教員免許更新制に反対して2011年3月、都立高教員を退職。教育や政治、映画や本を中心に思うことを発信していきます。

5年ぶりの「にゅうおいらんず」ー浅草演芸ホール8月上席(昼の部)

2024年08月05日 21時48分34秒 | 落語(講談・浪曲)
 浅草演芸ホールの8月上席(昼の部)に行ってきた。例年この時期は落語芸術協会の噺家バンド「にゅうおいらんず」の公演がある(10日まで)。三遊亭小遊三がリーダーで、春風亭昇太春風亭柳橋などに加えて、見かねたクロウトも入って楽しくやってる。前に見て面白いからまた行きたいと思いつつ、なかなか行く機会がなかった。前はいつか検索したら、2019年以来5年ぶりだった。その間に音曲の桂小すみが加わり、少し安定感が出たかも。昨年から桂宮治もトランペットでゲスト参加。
(にゅうおいらんずの面々=2023年)
 最初にやったラテン音楽「セレソ・ローサ」、聞けば誰でも一度は聞いたことがあるような曲だが、小遊三のトランペットを昇太が延々と引き延ばし「殺す気か」なんて言われてた。小遊三がやりたいと言い出したということで、自分にはラテンの血が流れてるからと笑わせていた。今年初めてやったという「東京ドドンパ娘」も楽しい。1961年、渡辺マリのヒット曲、なんて言われても知らないけど、なんだか聞いたことがあるのが不思議。もともと「にゅうおいらんず」はニューオリンズのもじりだと言うが、ジャズっぽいアレンジが乗りやすい。場内手拍子で盛り上がる。

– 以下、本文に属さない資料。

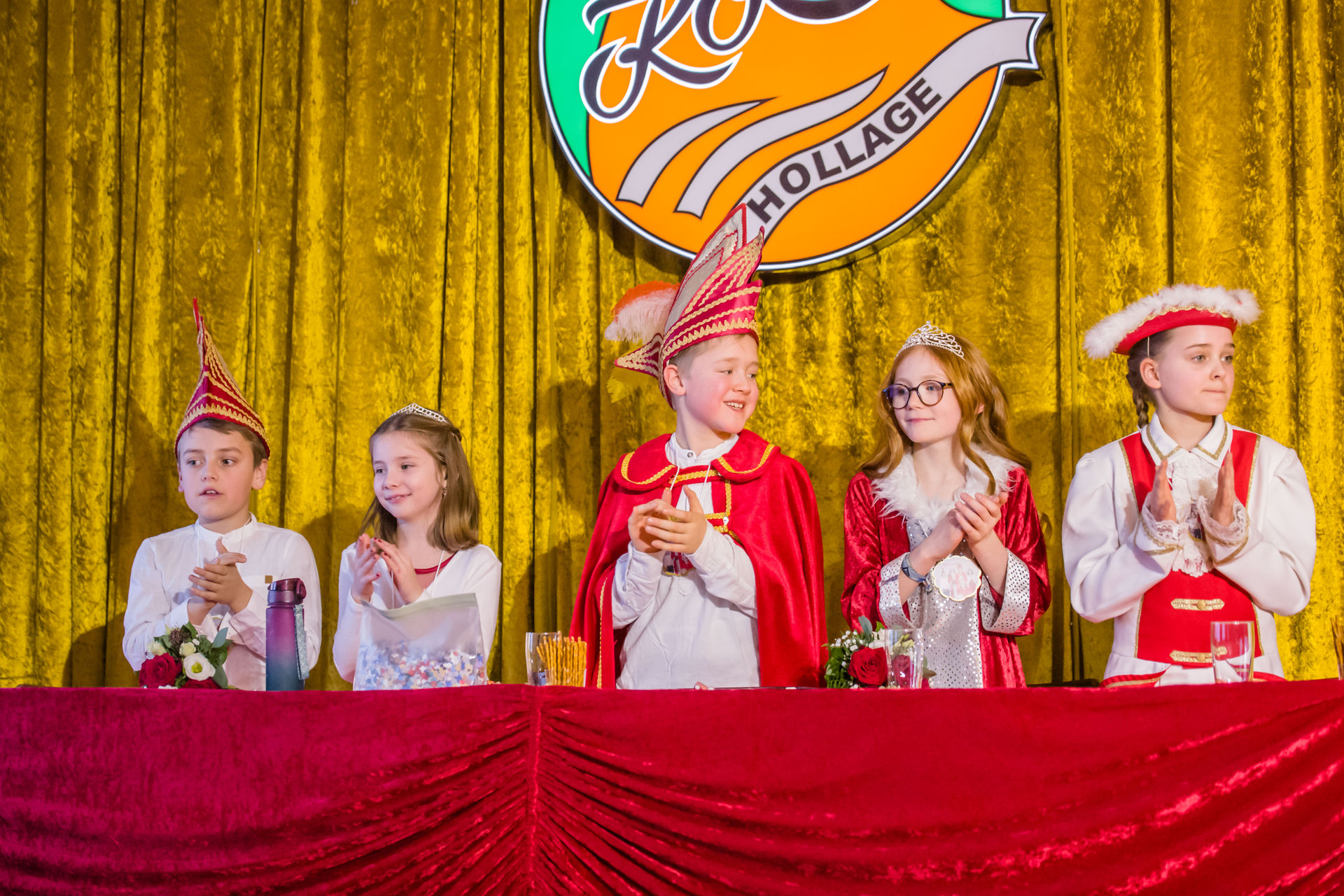 Ihnen wurde dabei ein buntes Showprogramm geboten, bei dem sie nicht nur zuschauen, sondern auch mitmachen konnten. KKC-Präsident Ansgar Speer, der unterstützt vom Kinderelferrat durchs Programm führte, holte nicht nur einen Showact nach dem anderen auf die Bühne – unter anderem die KKC-Tanzgruppen sowie Michael Lührmann und Maik Hörnschemeyer mit ihren Sketch-Einlagen – auch die Kinder durften selbst hinauf und tanzen. Auch das „große Prinzenpaar“ Prinz Albin I. und Prinzessin Marika I. (Albin und Marika Sonneck) mit ihren Ministern und Funkenmariechen Maja Torbecke feierte kräftig mit.

 ところで「にゅうおいらんず」公演期間は、そこに出る小遊三、昇太、宮治らの「笑点メンバー」は当然落語でも出番がある。それに「特別興行」ということで、普段より高く(3500円)開始時間も早い(11時10分)。そこでいつもより出が早いので、うっかり遅れて来る人がいる。今年の新真打山遊亭金太郎も来てなくて、早く来ていた春風亭昇也が先に出た。「二つ目に戻せ」とかメチャクチャいじられていたが、金太郎が出て来たら「待ってましたと掛け声を掛けて」なんて笑わせていた。噺は「筍」を凄い早口で演じて受けてたが、僕は柳家三三の方がいいなと思った。少し後に金太郎が出た時は、掛け声が掛かって大笑い。

 ところがもっと大物がいた。それが柳亭小痴楽で、12時半出番のところ12時10分に起きたと電話があったという。小痴楽はよく遅れるので、誰も驚かないらしい。妻も寄席の仕事だと知ってる日には起こさないというから凄い。大御所の三遊亭遊雀が先に出て来た経緯を説明すると場内爆笑。小痴楽の場合は楽屋で誰も怒ってなく喜んでるというのが笑える。大分遅れて仲入後の2時過ぎに出て来たら「待ってました」の大洗礼。「松山鏡」という江戸時代に鏡を知らない村で起こる笑話をやった。本来仲入直後は桂宮治だったので、その後に出て来た宮治から「自分の顔を鏡で見ろ」とかいじられて、舞台に小痴楽が乱入してきた。
(柳亭小痴楽)
 こういう今どき珍しい昔風の落語家が生きていけるのが寄席のいいところか。正直、「にゅうおいらんず」よりインパクトがあった。他には瀧川鯉昇三遊亭遊之介などが面白い。バンドで出る小遊三、昇太、柳橋らはやはり落語は小味になるので、落語を楽しむには別の機会の方が良い。漫談のナオユキが初めてだけど面白く、マジックの北見伸&スティファニーは大受けしていた。桂小すみの冷蔵庫に感謝する歌もおかしかった。ただ、5時間越えの長丁場は、休憩が入るとはいえ長過ぎ。お尻が痛くなった。